CASE OF MIJATOVIC AND OTHERS v. SERBIA (European Court of Human Rights) Applications nos. 50117/13 and 6 others – see appended list

Last Updated on September 22, 2021 by LawEuro

THIRD SECTION
CASE OF MIJATOVIĆ AND OTHERS v. SERBIA
(Applications nos. 50117/13 and 6 others – see appended list)

JUDGMENT
STRASBOURG
23 October 2018

This judgment is final but it may be subject to editorial revision.

In the case of Mijatović and Others v. Serbia,

The European Court of Human Rights (Third Section), sitting as a Committee composed of:

Pere Pastor Vilanova, President,
Branko Lubarda,
Georgios A. Serghides, judges,
and Fatoş Aracı, Deputy Section Registrar,

Having deliberated in private on 2 October 2018,

Delivers the following judgment, which was adopted on that date:

PROCEDURE

1.  The case originated in seven applications (nos. 50117/13, 50776/13, 60349/13, 62038/13, 63099/13, 64201/13 and 68381/13) against Serbia lodged with the Court under Article 34 of the Convention for the Protection of Human Rights and Fundamental Freedoms (“the Convention”).The applicants were all Serbian nationals and their further personal and other relevant details are set out in the appendix to this judgment.

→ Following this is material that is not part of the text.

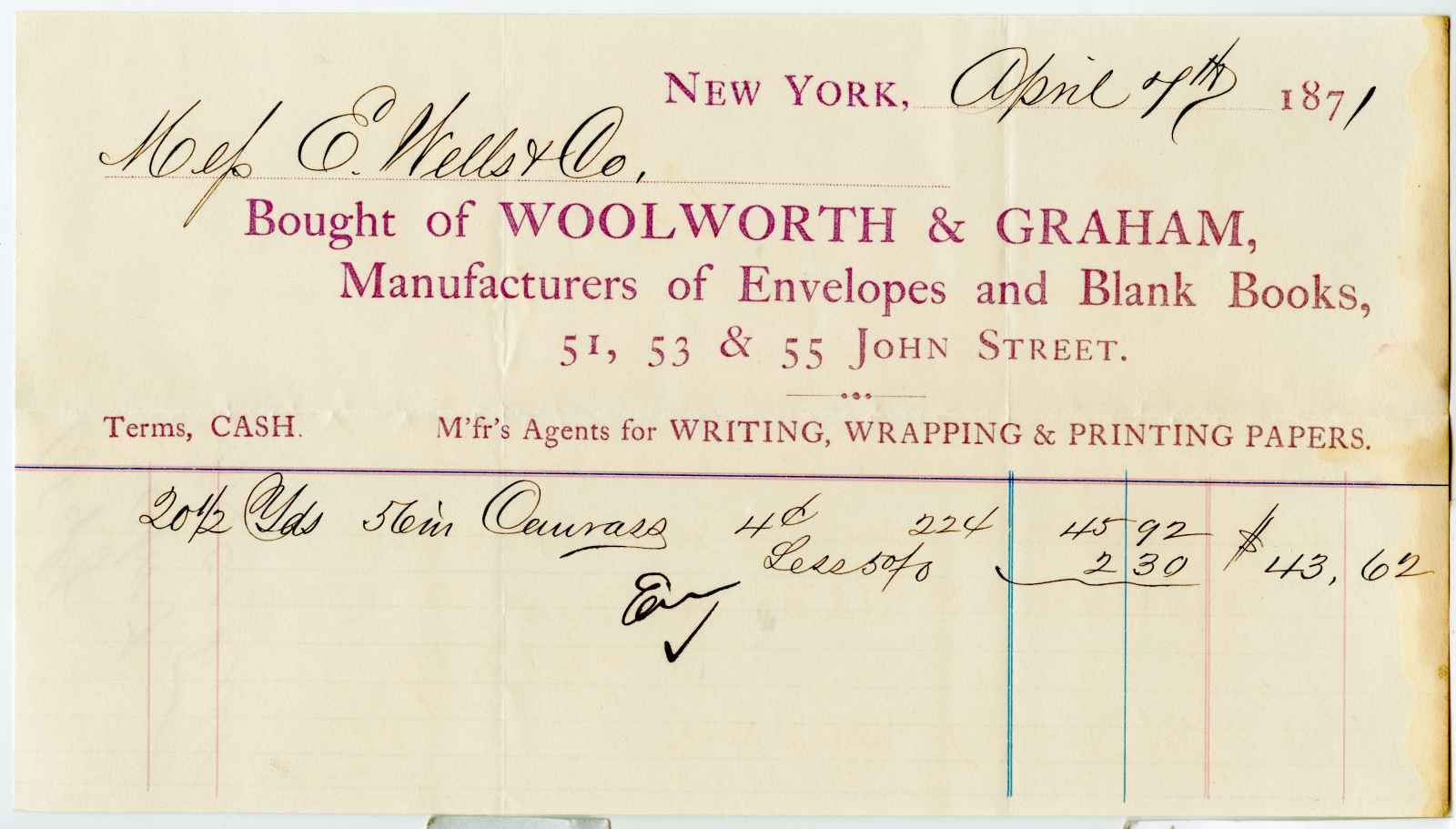 invoice; Woolworth & Graham - Manufacturers of Envelopes and Blank Books - N.Y.

2.  The Serbian Government (“the Government”) were initially represented by their former Agent, Ms V. Rodić, who was subsequently substituted by their current Agent, Ms. N. Plavšić.

3.  On 1 September 2015 and 2 November 2015 the complaints concerning the non-enforcement of the domestic decisions in question were communicated to the Government and the remainder of the applications were declared inadmissiblepursuant to Rule 54 § 3 of the Rules of Court.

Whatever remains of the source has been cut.